WHAT IS REQUIRED: When you print the records below, keep every word exact and leave out the images.

Dataset entries
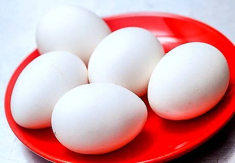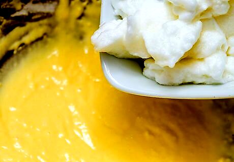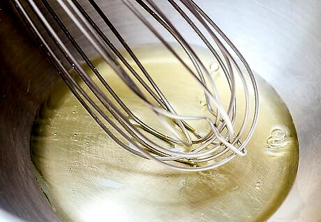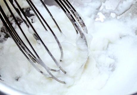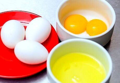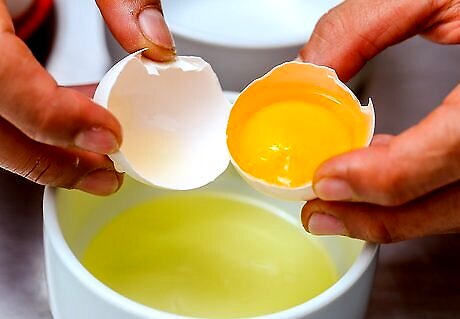 Separate the eggs. When doing this you must be careful not to get any yolk or shell pieces mixed in with the whites of the eggs. There are several ways to separate an egg: Method One: Carefully break the eggshell in half, and hold it over a bowl to allow the egg white to pour out slowly while the yolk remains in the shell. Method Two: Place the entire egg into a shallow bowl and pour off the white without breaking the yolk. It helps to hold the yolk back from the edge of a bowl with a spoon. Either method requires practice. Method Three: Hold a slotted spoon over a bowl. Crack the egg open and then pour the yolk and white through the slotted spoon. The spoon will allow the whites to go through and down into the bowl, while the yolk will remain in the spoon. Method Four: Put the egg in a bowl. Find a plastic bottle with a wider mouth. Now pinch the bottle so that it crinkles, and place it over the egg yolk. Let the pressure on the bottle release, and the yolk should be sucked up into the bottle.
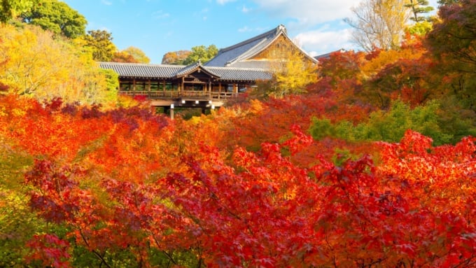 Tofuku-jiは、息をのむような秋の葉で有名で、Tsutenkyo Bridgeからの眺めはテレビ番組で頻繁に取り上げられています。京都の多くの有名な秋の斑点の中でさえ、トゥフクジは鮮やかな色を体験するのに最適な場所の1つとして際立っています。
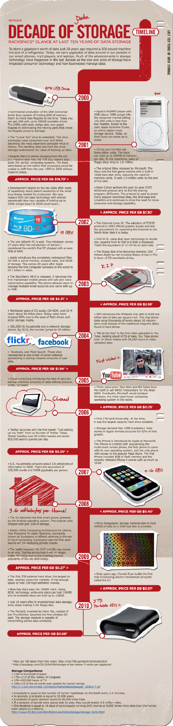Que deprisa avanza la informática, la infografía que tenemos a continuación nos revela cómo ha cambiado el almacenamiento desde 2000 hasta 2010.
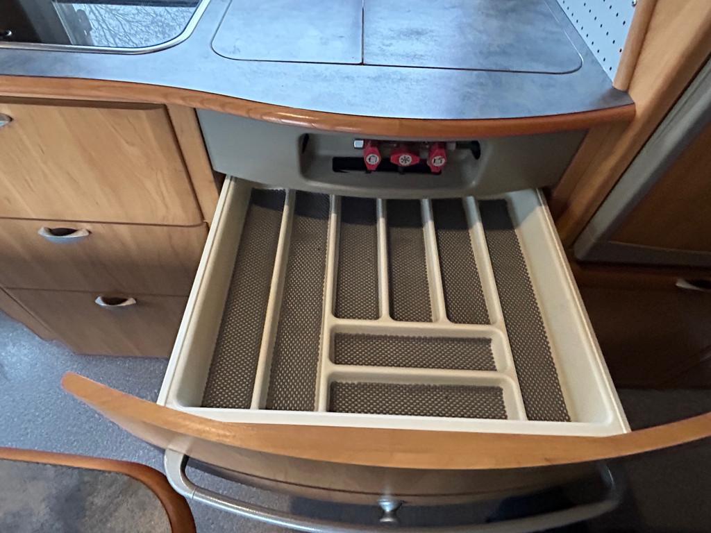 Airbag, Airbag bestuurder, Airco, Alarm, Anti Blokkeer Systeem (ABS), Audioinstallatie met CD-speler, Boordcomputer, Cruise control, Electronic Stability Program (ESP), Elektrische ramen, Extra verlichting, Hoofdsteunen voor, Keukenblok, Luifel, Mistlampen, Radio CD-speler, Startblokkering, Stuurbekrachtiging, Toilet, Verstelbare (in hoogte) bestuurders stoel, Verstelbare stuurkolom, Zonnedak
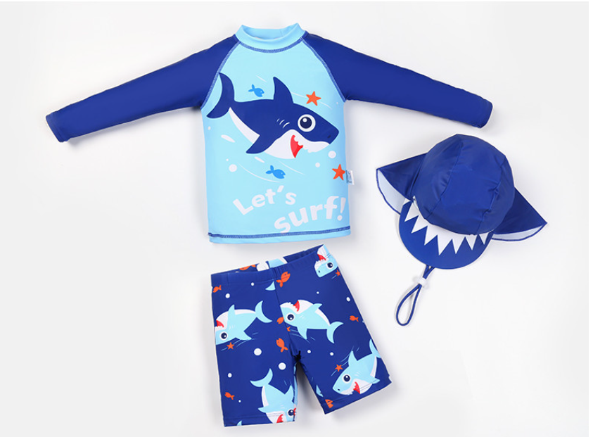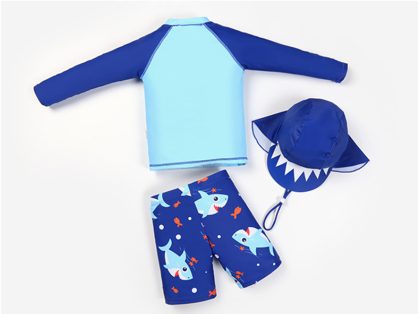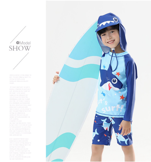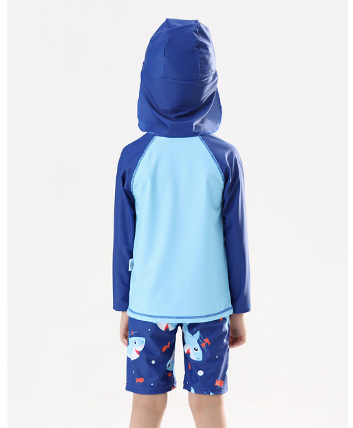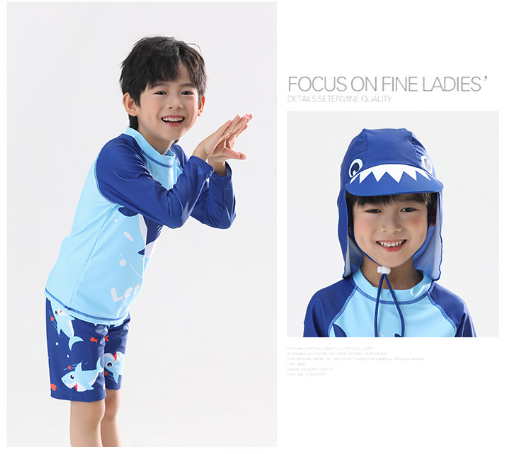 AMSW011B 開心鯊魚長袖分體防曬泳衣(送泳帽)  100-120
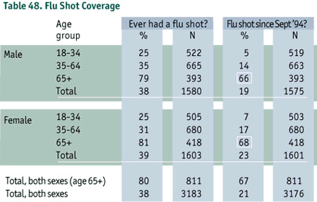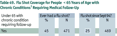 It is encouraging to note that approximately two-thirds of those aged 65 and over had a flu shot in the 1994-95 season (Table 48). However, only 25% of those in the younger "at risk" group (under age 65 with eligible chronic conditions) reported getting a flu shot in the 1994-95 flu season (Table 49).

SOLUTION:
 Separate the eggs. When doing this you must be careful not to get any yolk or shell pieces mixed in with the whites of the eggs. There are several ways to separate an egg: Method One: Carefully break the eggshell in half, and hold it over a bowl to allow the egg white to pour out slowly while the yolk remains in the shell. Method Two: Place the entire egg into a shallow bowl and pour off the white without breaking the yolk. It helps to hold the yolk back from the edge of a bowl with a spoon. Either method requires practice. Method Three: Hold a slotted spoon over a bowl. Crack the egg open and then pour the yolk and white through the slotted spoon. The spoon will allow the whites to go through and down into the bowl, while the yolk will remain in the spoon. Method Four: Put the egg in a bowl. Find a plastic bottle with a wider mouth. Now pinch the bottle so that it crinkles, and place it over the egg yolk. Let the pressure on the bottle release, and the yolk should be sucked up into the bottle.
 Tofuku-jiは、息をのむような秋の葉で有名で、Tsutenkyo Bridgeからの眺めはテレビ番組で頻繁に取り上げられています。京都の多くの有名な秋の斑点の中でさえ、トゥフクジは鮮やかな色を体験するのに最適な場所の1つとして際立っています。
Que deprisa avanza la informática, la infografía que tenemos a continuación nos revela cómo ha cambiado el almacenamiento desde 2000 hasta 2010.
 Airbag, Airbag bestuurder, Airco, Alarm, Anti Blokkeer Systeem (ABS), Audioinstallatie met CD-speler, Boordcomputer, Cruise control, Electronic Stability Program (ESP), Elektrische ramen, Extra verlichting, Hoofdsteunen voor, Keukenblok, Luifel, Mistlampen, Radio CD-speler, Startblokkering, Stuurbekrachtiging, Toilet, Verstelbare (in hoogte) bestuurders stoel, Verstelbare stuurkolom, Zonnedak
 AMSW011B 開心鯊魚長袖分體防曬泳衣(送泳帽)  100-120
 It is encouraging to note that approximately two-thirds of those aged 65 and over had a flu shot in the 1994-95 season (Table 48). However, only 25% of those in the younger "at risk" group (under age 65 with eligible chronic conditions) reported getting a flu shot in the 1994-95 flu season (Table 49).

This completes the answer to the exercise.